**** DATA

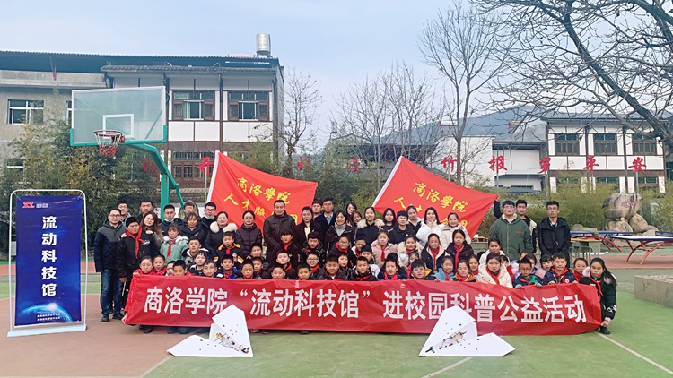 我?!傲鲃?dòng)科技館”科普進(jìn)校園志愿服務(wù)項(xiàng)目自2017年組建以來(lái),先后為省內(nèi)外40余所中、小學(xué)開(kāi)展線(xiàn)上、線(xiàn)下科普志愿服務(wù)活動(dòng)60余場(chǎng)次,受益師生群眾4萬(wàn)余人。2022年,我校在前期工作的基礎(chǔ)上打造了涵蓋“生物醫(yī)藥”“趣味物化”“信息技術(shù)”“生態(tài)環(huán)境”“體育健康”“文化藝術(shù)”六大主題的33個(gè)線(xiàn)上科學(xué)課程,聯(lián)合陜西省科協(xié)、商洛市科協(xié)等單位開(kāi)展“云端秦嶺科技館·公益科普大講堂”“喜迎二十大,科普向未來(lái)—流動(dòng)科技館云端巡展活動(dòng)”等主題活動(dòng),受到地方政府和群眾的高度贊譽(yù)。我校被陜西省科協(xié)表彰為“‘十三五’陜西省全民科學(xué)素質(zhì)工作先進(jìn)集體”。項(xiàng)目被商洛市科學(xué)技術(shù)協(xié)會(huì)授予“科普流動(dòng)課堂”稱(chēng)號(hào),榮獲全國(guó)大學(xué)生“互聯(lián)網(wǎng)+”創(chuàng)新創(chuàng)業(yè)大賽陜西賽區(qū)金獎(jiǎng),并入選省科協(xié)10年科普工作優(yōu)秀案例、“全國(guó)科普日”優(yōu)秀活動(dòng),中國(guó)科協(xié)科技志愿服務(wù)項(xiàng)目,成果在全國(guó)科技志愿服務(wù)云沙龍中向全國(guó)觀眾展示,被中國(guó)科技網(wǎng)、學(xué)習(xí)強(qiáng)國(guó)、《人民日?qǐng)?bào)》等官方媒體報(bào)道40余次。
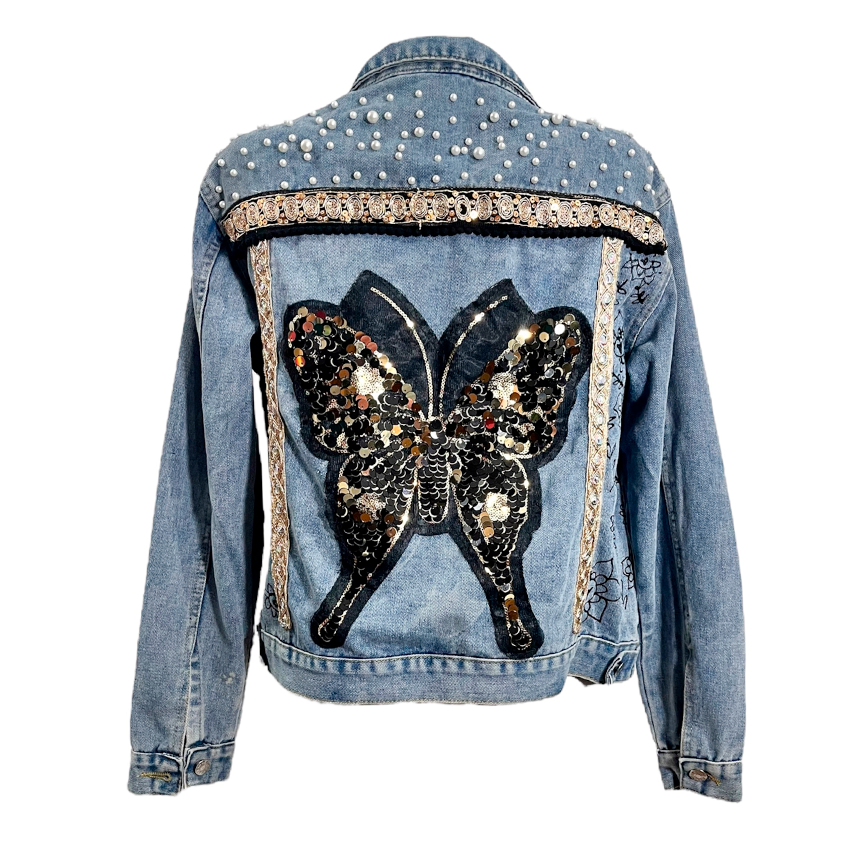 Chaleco mezclilla Boho&Free mariposas lentejuelas
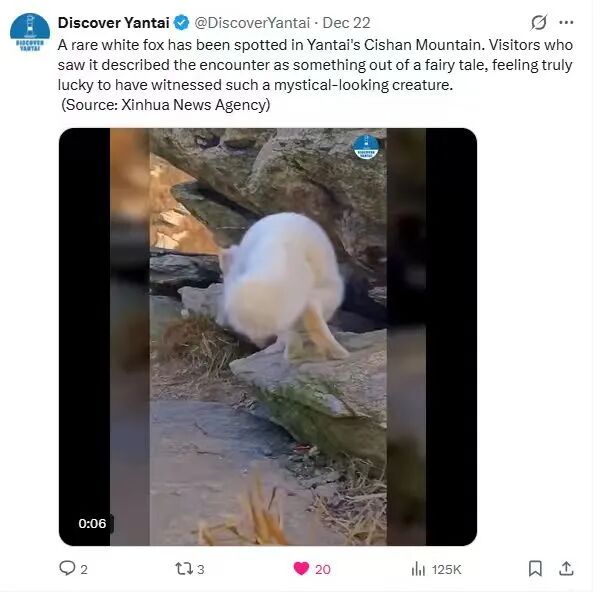 3.【宜居烟台】烟台磁山惊现“白狐仙子”(视频)

********

> [EXERCISE] The data is to be restated word for word, with any pictures set aside.

> [TASK ANSWER]
 我?!傲鲃?dòng)科技館”科普進(jìn)校園志愿服務(wù)項(xiàng)目自2017年組建以來(lái),先后為省內(nèi)外40余所中、小學(xué)開(kāi)展線(xiàn)上、線(xiàn)下科普志愿服務(wù)活動(dòng)60余場(chǎng)次,受益師生群眾4萬(wàn)余人。2022年,我校在前期工作的基礎(chǔ)上打造了涵蓋“生物醫(yī)藥”“趣味物化”“信息技術(shù)”“生態(tài)環(huán)境”“體育健康”“文化藝術(shù)”六大主題的33個(gè)線(xiàn)上科學(xué)課程,聯(lián)合陜西省科協(xié)、商洛市科協(xié)等單位開(kāi)展“云端秦嶺科技館·公益科普大講堂”“喜迎二十大,科普向未來(lái)—流動(dòng)科技館云端巡展活動(dòng)”等主題活動(dòng),受到地方政府和群眾的高度贊譽(yù)。我校被陜西省科協(xié)表彰為“‘十三五’陜西省全民科學(xué)素質(zhì)工作先進(jìn)集體”。項(xiàng)目被商洛市科學(xué)技術(shù)協(xié)會(huì)授予“科普流動(dòng)課堂”稱(chēng)號(hào),榮獲全國(guó)大學(xué)生“互聯(lián)網(wǎng)+”創(chuàng)新創(chuàng)業(yè)大賽陜西賽區(qū)金獎(jiǎng),并入選省科協(xié)10年科普工作優(yōu)秀案例、“全國(guó)科普日”優(yōu)秀活動(dòng),中國(guó)科協(xié)科技志愿服務(wù)項(xiàng)目,成果在全國(guó)科技志愿服務(wù)云沙龍中向全國(guó)觀眾展示,被中國(guó)科技網(wǎng)、學(xué)習(xí)強(qiáng)國(guó)、《人民日?qǐng)?bào)》等官方媒體報(bào)道40余次。
 Chaleco mezclilla Boho&Free mariposas lentejuelas
 3.【宜居烟台】烟台磁山惊现“白狐仙子”(视频)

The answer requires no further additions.